The first one is Directive 2006/21/EC on the management of waste from an extractive industry, which ironically was adopted after Romania’s 2000 Baia Mare cyanide spill, considered the worst environmental disaster in Europe since Chernobyl. Yet the Rosia Montana project has never been granted an environmental permit. According to a Romanian Europarliamentarian Monica Macovei, the company’s exploration license has been expired for 12 years, given that according to the Romanian mining law, in order to start any mining activity the company is obliged to obtain an environmental license within 180 days after the exploration license is granted.

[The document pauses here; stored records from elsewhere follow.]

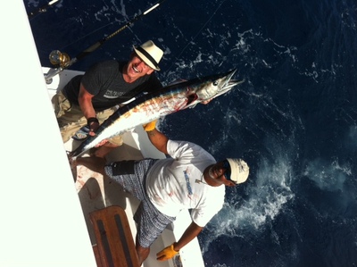 The transition is clear with higher SST, More bait (bonitos and Skip Jacks) and the less rain creates more blue water close. The bite has been mixed, some king macks , mahi mahi, wahoo and of course the mighty barracudas. With the full moon of the May 22 the first Blue Marlin encounters. Smaller blues in the north east Irene went 2-0 May 20 two days before the moon and We while fishing the south west of Vieques May 23 went 1-0. The fish came really finicky and only liked the Horse Ballyhoo and not the Teasers or Lures.
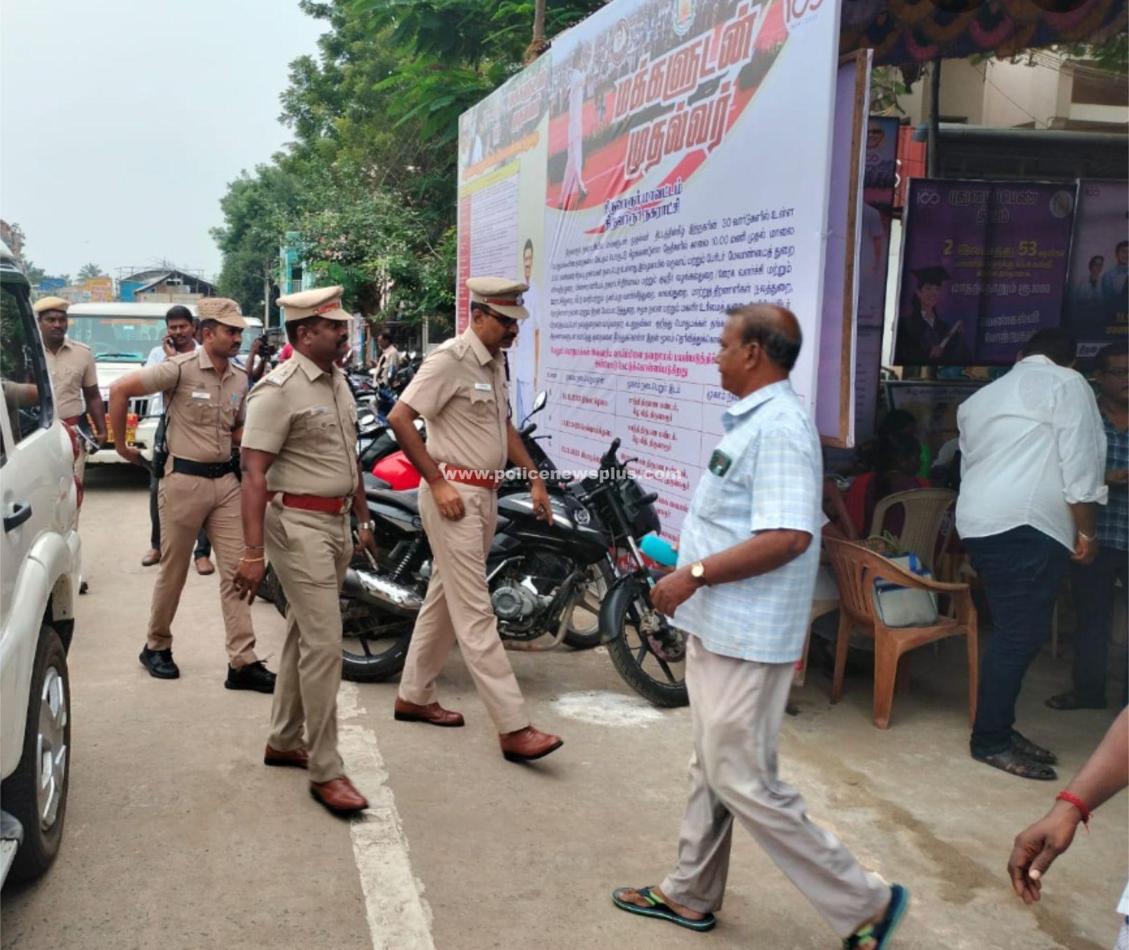 திருவாரூர் : தமிழக முதல்வர் அவர்களின் அறிவுறுத்தலின், பேரில் இன்று (18.12.2023) திருவாரூர் சாந்தி திருமண மண்டபத்தில், மக்களிடமிருந்து மனுக்களை பெற்று உடனடியாக தீர்வு காணும் “Service Delivery @ Door Steps” திட்டத்தின் கீழ் திருவாரூர் நகராட்சிக்கு உட்பட 18,19,20,21 மற்றும் 22 வார்டுகளில் பொதுமக்கள் அளிக்கும் மனுக்கள் மற்றும் புகார் மனுக்கள் மீது உடனடி தீர்வு காணும் சிறப்பு முகாம் நடைப்பெற்றது. இந்நிகழ்ச்சியில் மாவட்ட மாவட்ட காவல் கண்காணிப்பாளர் *திரு.S.ஜெயக்குமார், M.Sc, (Agri).,* அவர்கள் கலந்து கொண்டார்கள்.
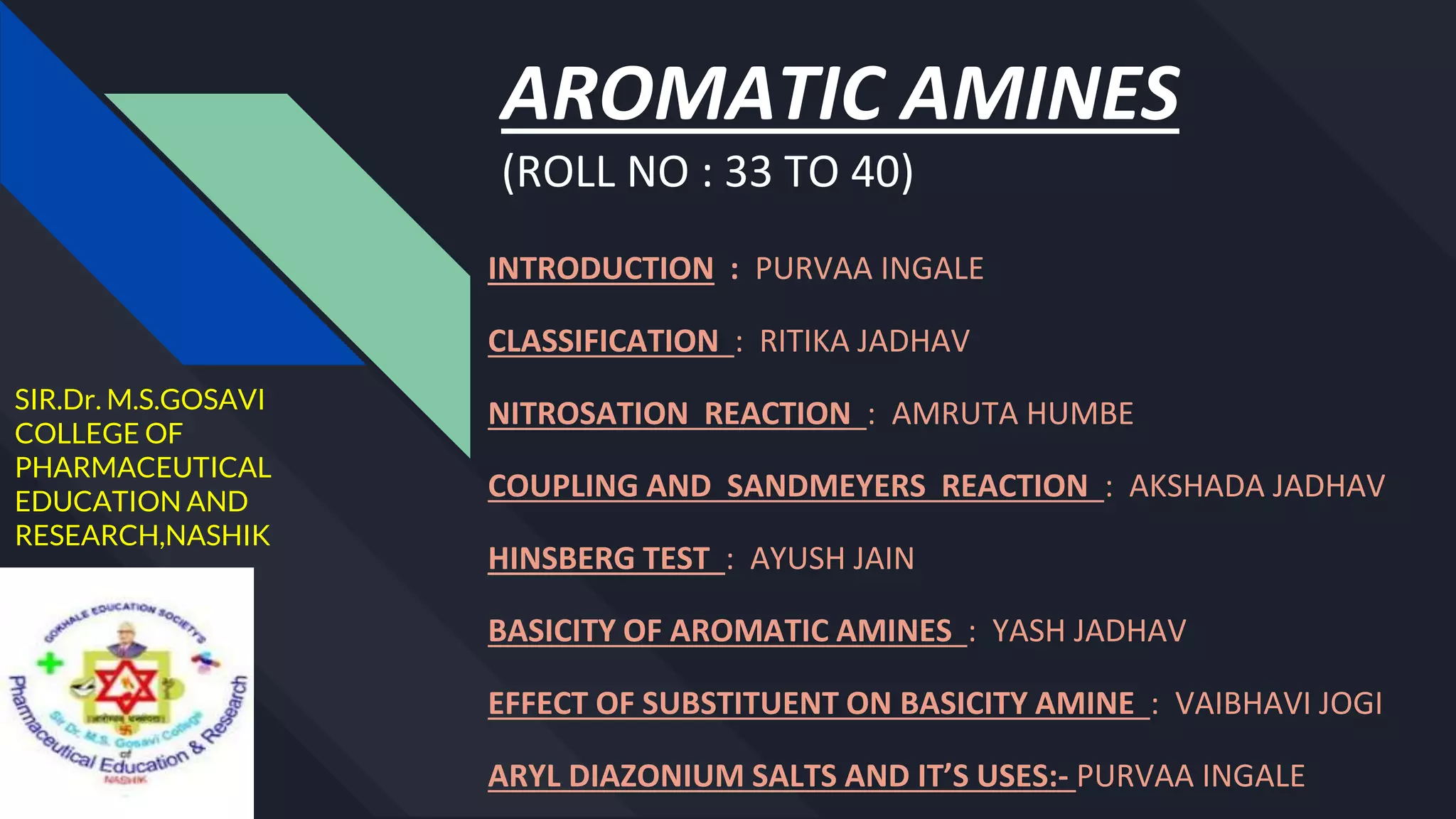 This document provides an overview of aromatic amines. It begins with an introduction noting that aromatic amines are industrially important compounds used to produce dyes, rubbers, and drugs. It then discusses the classification, characteristics, and reactions of aromatic amines. Key points covered include that aromatic amines are weaker bases than aliphatic amines due to delocalization of the nitrogen lone pair onto the aromatic ring. The document also discusses substituent effects on basicity and the uses of aryl diazonium salts in organic synthesis and light-sensitive applications. Presentations were given on specific topics like nitrosation reactions, coupling reactions, and the Hinsberg test.
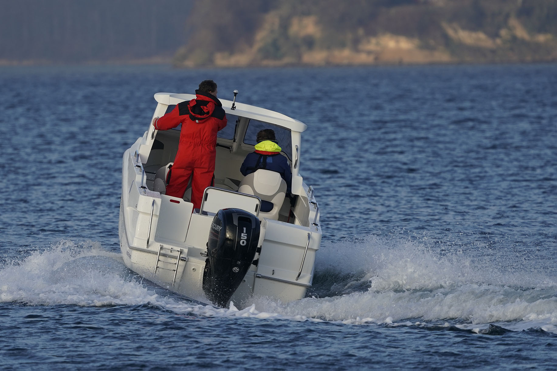 Selvdrænende, rummeligt cockpit giver ekstra sikkerhed, når I er mange ombord, og båden indbyder til hyggelige ture med eller uden fiskestang. Under cockpittet findes en komfortabel kahyt, og båden er som standard udstyret med 4 stangholdere, badestige samt mange muligheder for tør opbevaring.
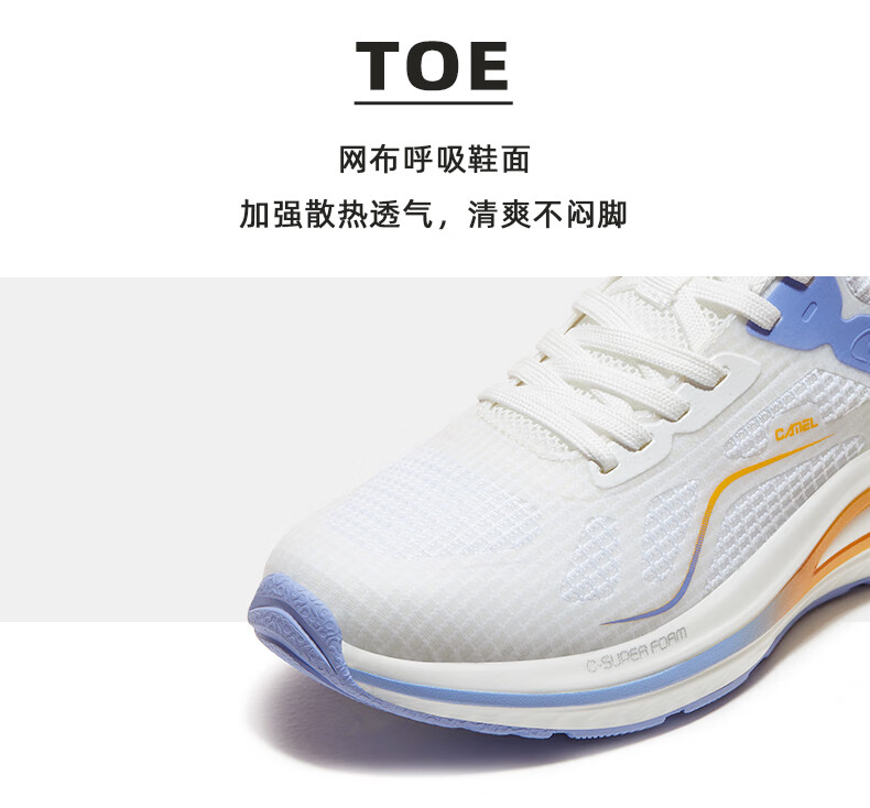 駱駝氣墊鞋2023秋冬情侶款耐磨防滑透氣網(wǎng)面運動跑步鞋 C13S397025,白/天藍,男 41
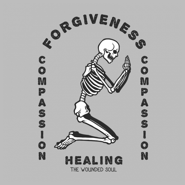 Vector illustration of skull praying for forgiveness. Ready to print on t-shirt.
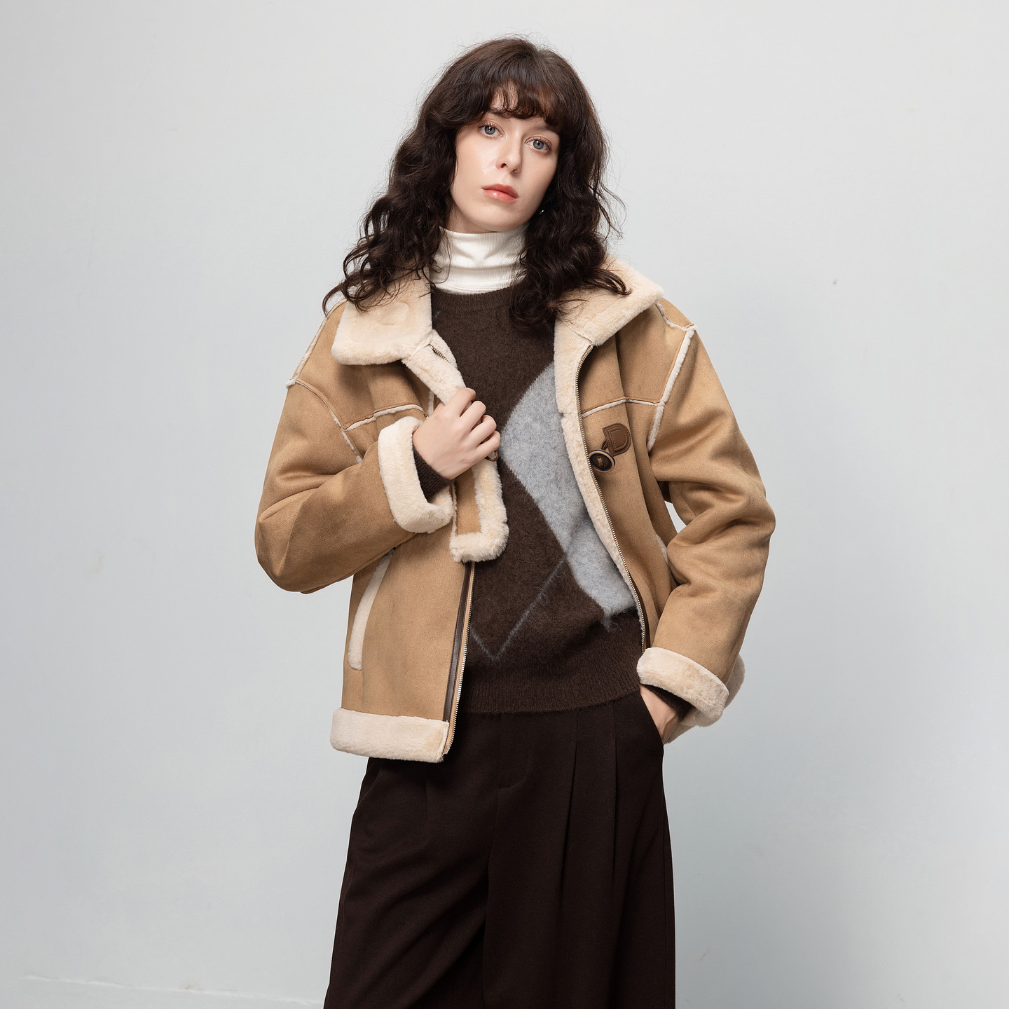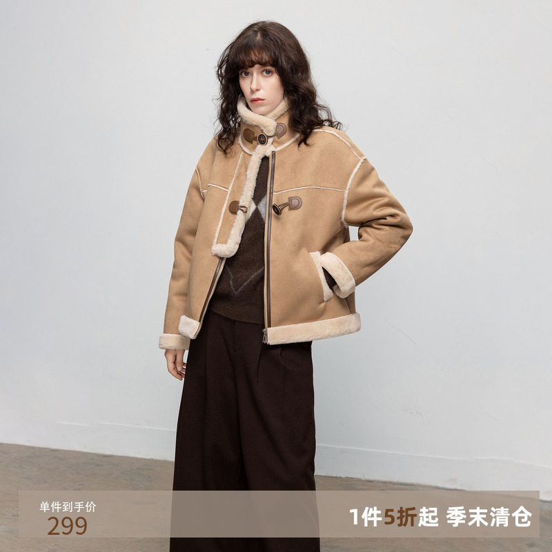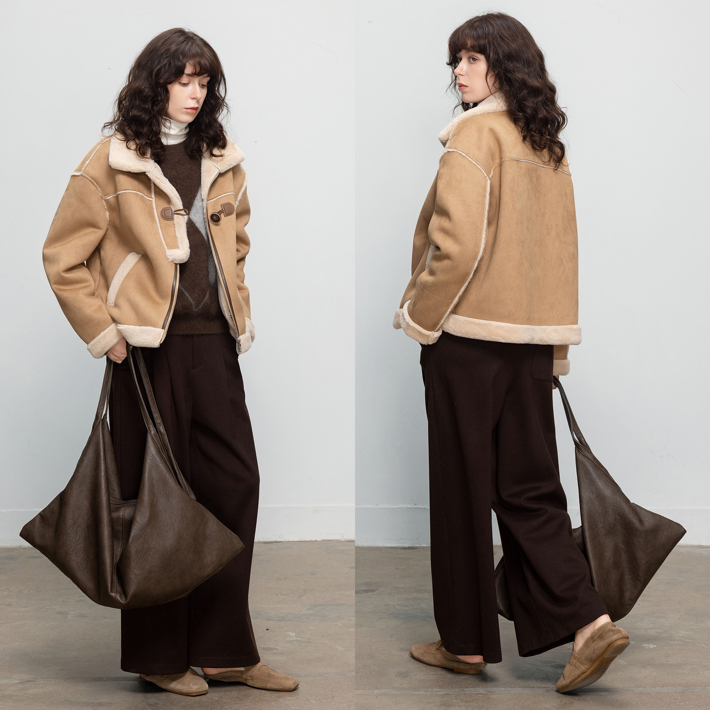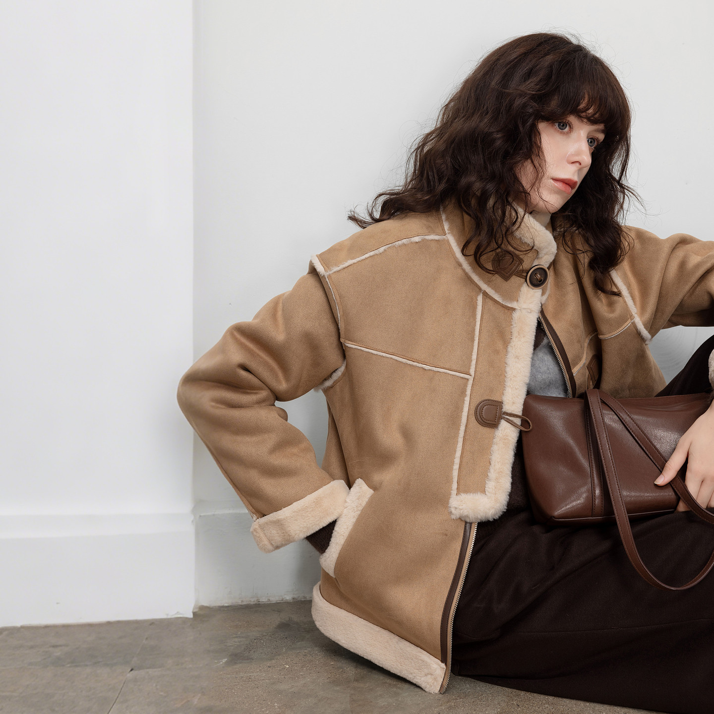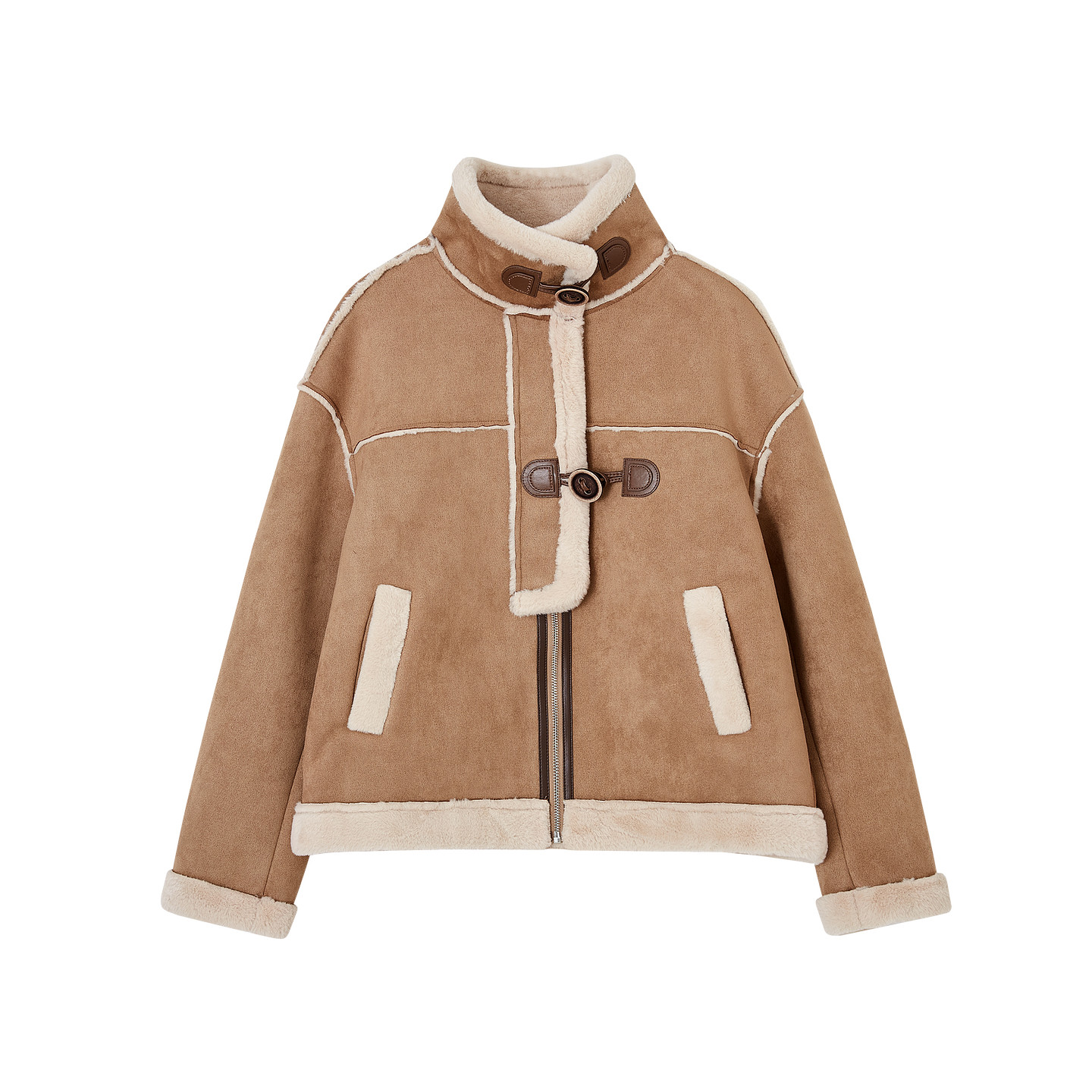 📚 德玛纳复古风麂皮绒翻领外套女25冬季新款毛绒拼接PU扣袢保暖上衣
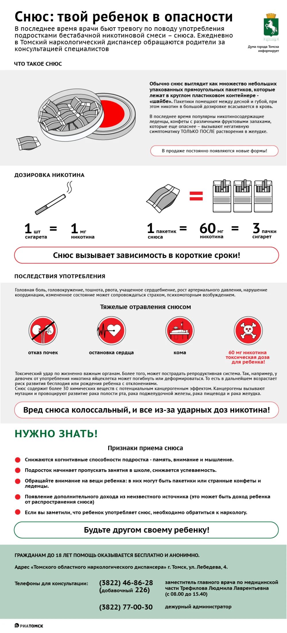 Окончание школьного года, как и дистанционное обучение, на которое временно перешли наши дети, совсем не исключает таких проблем, как распространение снюса среди детей и подростков. Что нужно знать родителям об этой опасности, чтобы помочь своему ребенку – в инфографике РИА Томск.

The second European directive that would be breached by the project is the Water Framework Directive. The Rosia Montana project needs its tailings pond to be situated on the valley of the Corna River, whose course would have to be deviated. This is nearly impossible according to the director of the Geological Institute. But according to the European Water Framework, deviating the natural course of a river can only be done in the case of ‘projects of public utility’ and of ‘overriding public interest. Alas, in recently approved draft legislation, the Romanian government declared the Canadian company’s private project to be of public utility and of overriding public interest, which it is not, given that the Romanian Constitution stresses that ‘public interest riches’, including underground resources, are the exclusive object of public property, meaning that they solely belong to the Romanian people.

What should be done?

To begin, the European Commission should revisit its statements regarding the Rosia Montana project. While the EU might be facing a dire economic crisis, allowing ecological disasters to occur in its Member countries is not beneficial and contradicts many of its core principles. The EU also seems to be ignoring the fact that, apart from being the largest gold mine in Europe, Rosia Montana contains extremely important rare minerals, including titanium, germanium and wolfram, whose tremendous global value far surpasses that of gold. At the same time, the precedent of having a unconstitutional law that allows a private foreign company the power to operate with little oversight in a European country is not a precedent to be desired. Finally, the EU should take into account the fact that significantly lowering the environmental standards in gold mining activities would set a grave precedent in Europe and enable not just the ecological disaster in Romania, but elsewhere in Europe.